Solve bilevel optimization the stupid way

I would like to solve a bilevel optimization problem in a dumb way.
Consider the following (as an example)

\min_{x,y}\quad x^4 - \sin(y)\\ \text{s.t.}\quad x \geq 2, x^3+y^3 \leq 1\\ y(x) \in \arg\min_{y} y^2 + x\\ 3\leq y \leq 5

which is similar to the example on the doc page for BilevelJuMP about Non Linear Models. (I changed it slightly to match my use case that is lower-objective depending also on x)

This can be solved using BilevelJuMP.jl as explained on that page, with the following code:

using BilevelJuMP,Ipopt

model = BilevelModel(Ipopt.Optimizer, mode = BilevelJuMP.ProductMode(1e-5))

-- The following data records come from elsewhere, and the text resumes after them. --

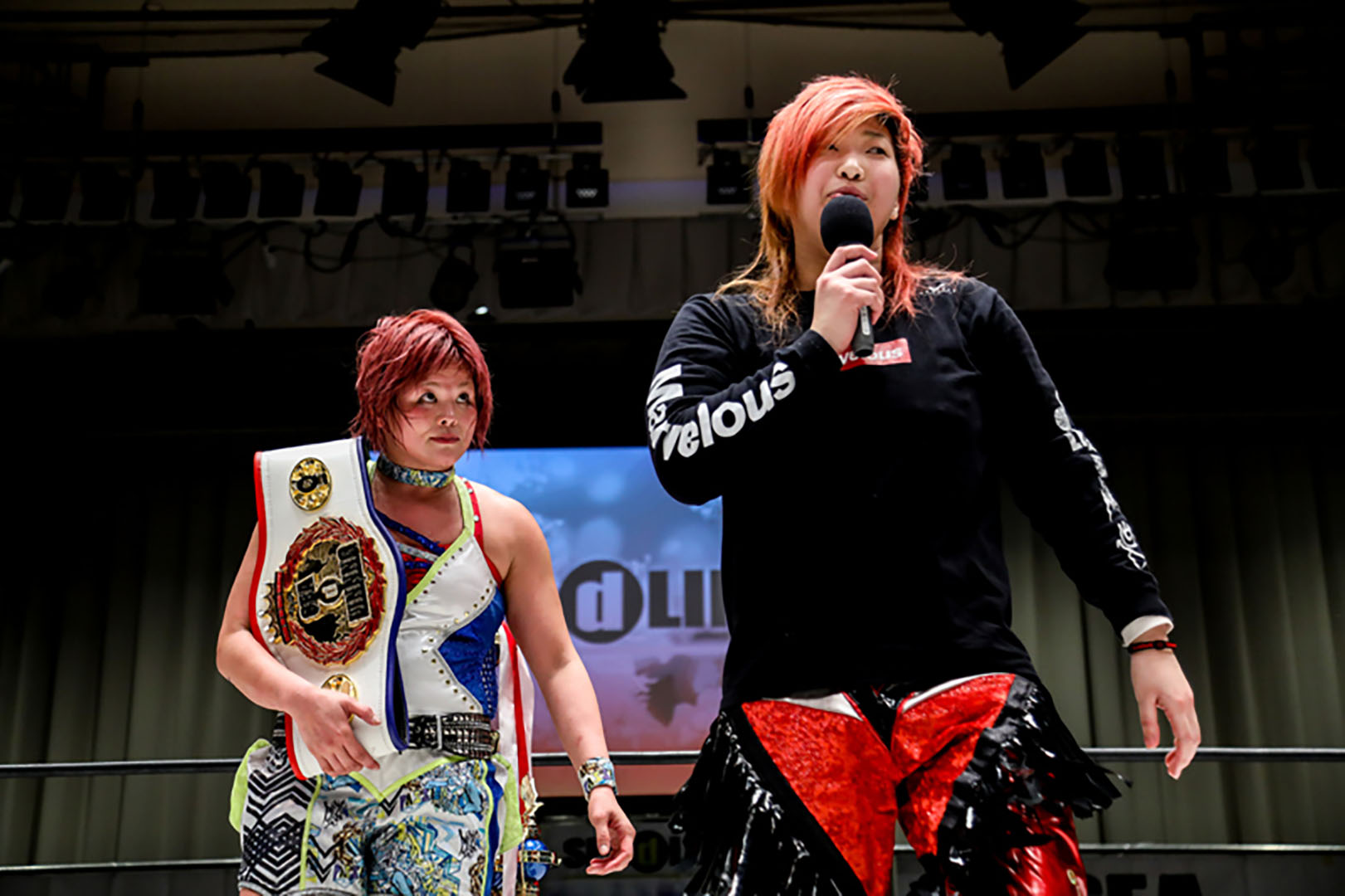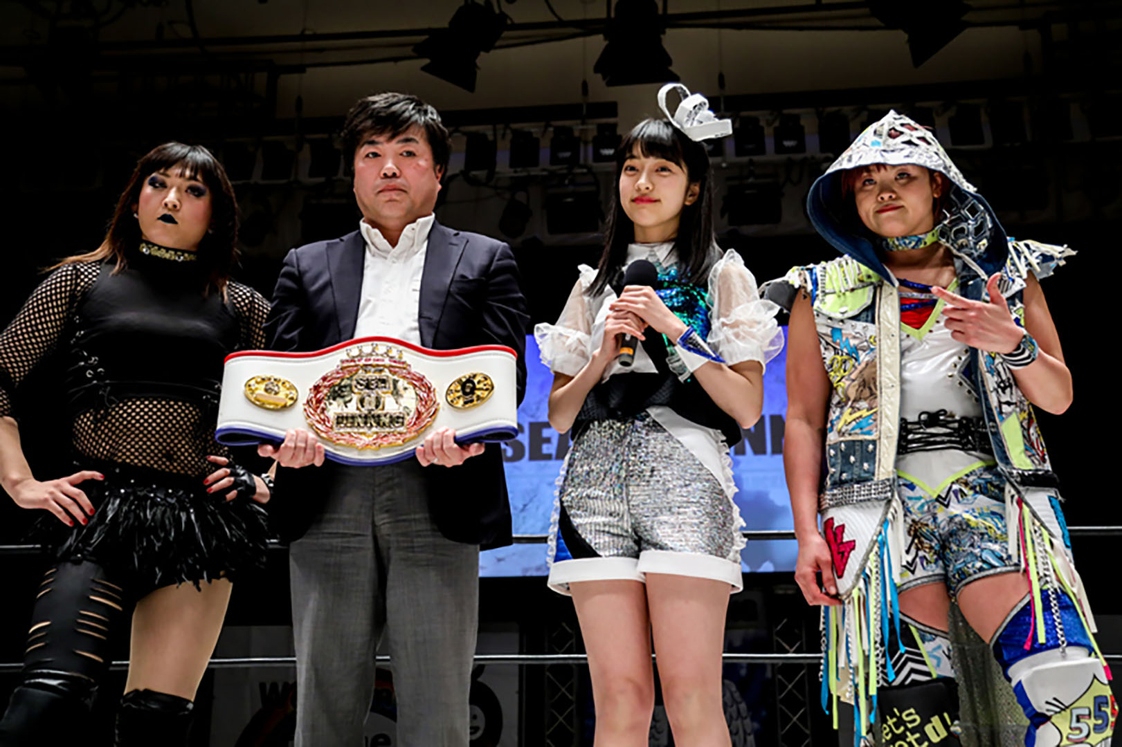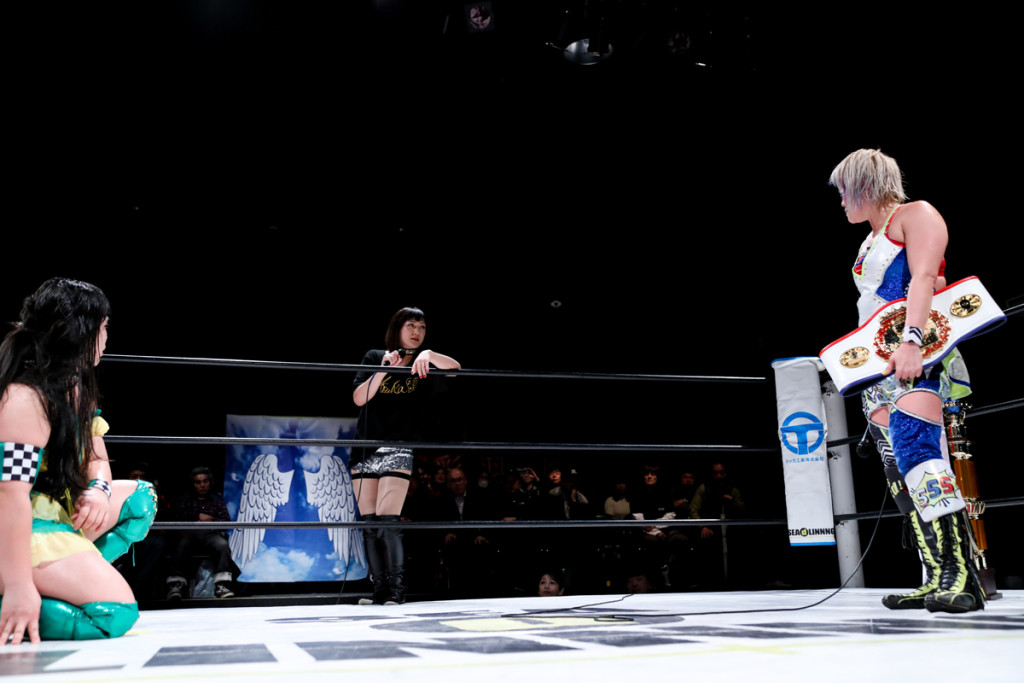 (世志琥退場後)今日はありがとうございました。2019年1発目、後楽園ホール、そして初めての防衛戦、お陰様で勝利する事が出来ました。ありがとうございました。でも、でも私はもっともっと、もっともっとプロレスを愛してもっともっとプロレスを皆さんに伝えていきたい。その為にはまだまだまだまだ座る所がいっぱいある。それが悔しい。私も悔しさを背負って生きていく。でもそんな自分がこうやってリングに上がり続けてる事で誰かの勇気になると嬉しいです。これからも上を目指してみんな一緒に進んでいきましょう。それが私がチャンピオンとして伝えたいメッセージです。
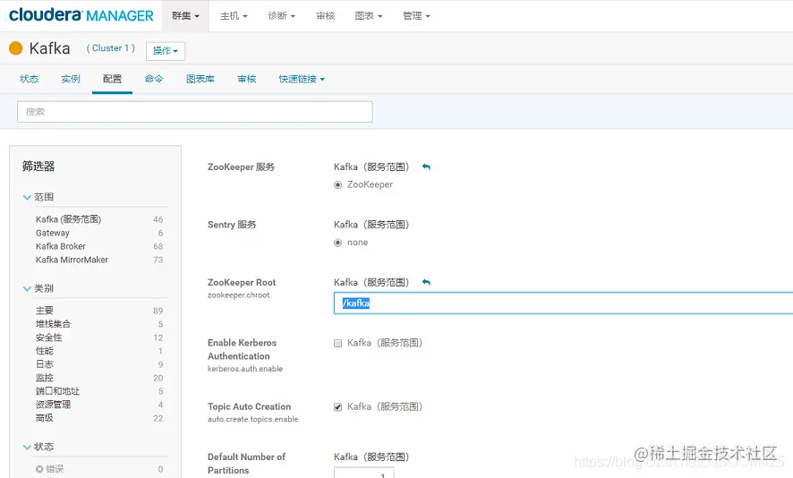 接下来测试topic指令,这里我们要先看CDH中配置的这个ZooKeeper Root的Kafka服务范围为: " /kafka "。
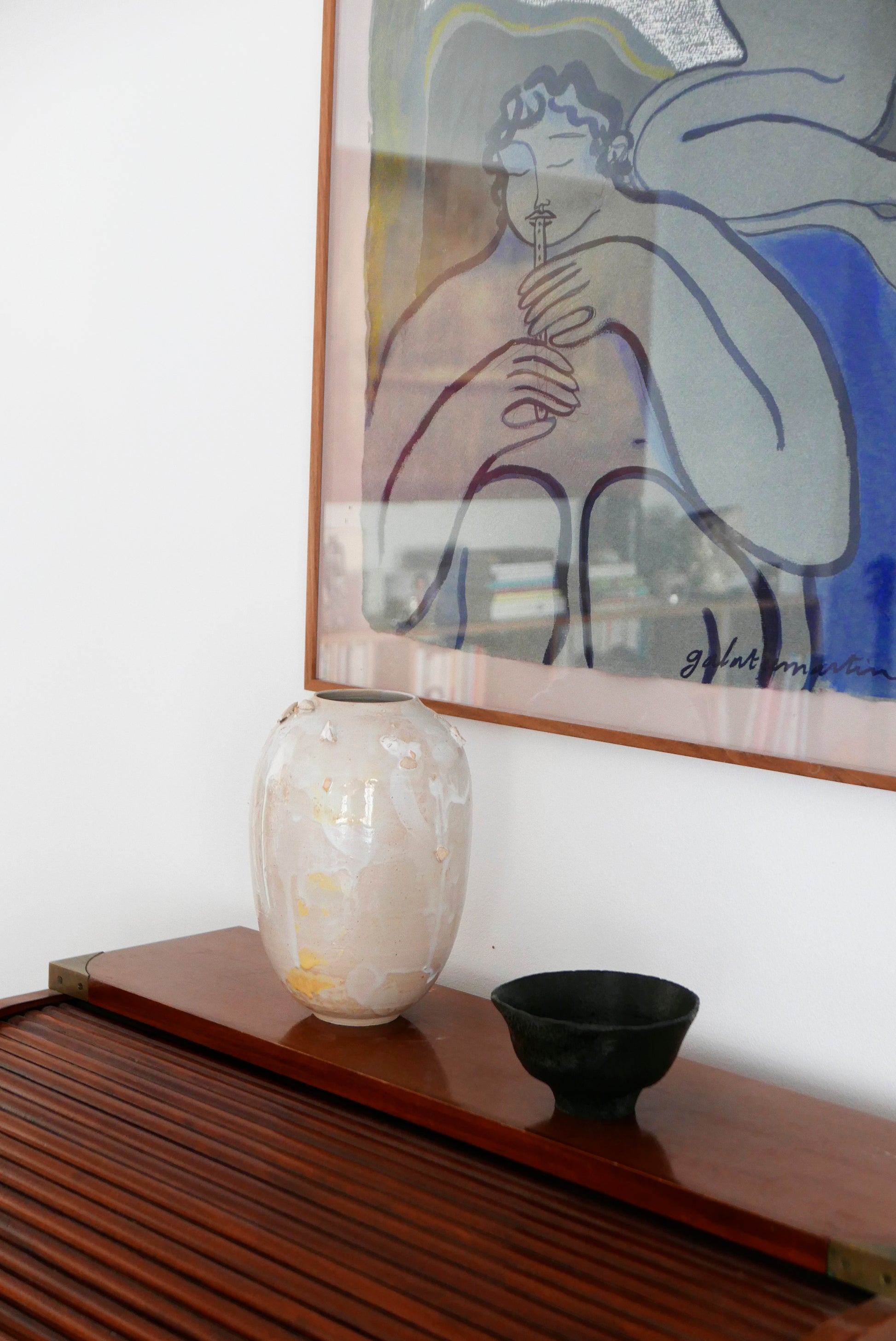 Made in stoneware and porcelain, Cypel’s work manifests as a series of wheel-thrown vessels and innovative lighting pieces that explore the intersection of time, matter, and memory. Her signature collection "Ovetti" features 3 sizes of ovoid forms with surfaces that range from porcelain pristine white to deeply textured landscapes in navy blues and earthy crusty textures that mimics earth's surface, each piece bearing witness to both geological formation and artistic intervention. The ovoid forms symbolise both birth and mortality, echoing both the egg and the urn. Yet, their circularity and absence of a lid make a statement about continuity—an infinite cycle where every ending is also a new beginning

@variable(Upper(model), x >= 2)
@variable(Lower(model), 3 <= y <= 5)

# upper
@NLobjective(Upper(model), Min, x^4 - sin(y))
@NLconstraint(Upper(model), x^3 + y^3 <= 1000)

# lower
@objective(Lower(model), Min, y^2 + x)

optimize!(model)
value.([x,y])

(BilevelJuMP only accepts nonlinear objectives and constraints in the upper-level problem, while in the lower-level, it only accepts linear o quadratic objectives and constraints)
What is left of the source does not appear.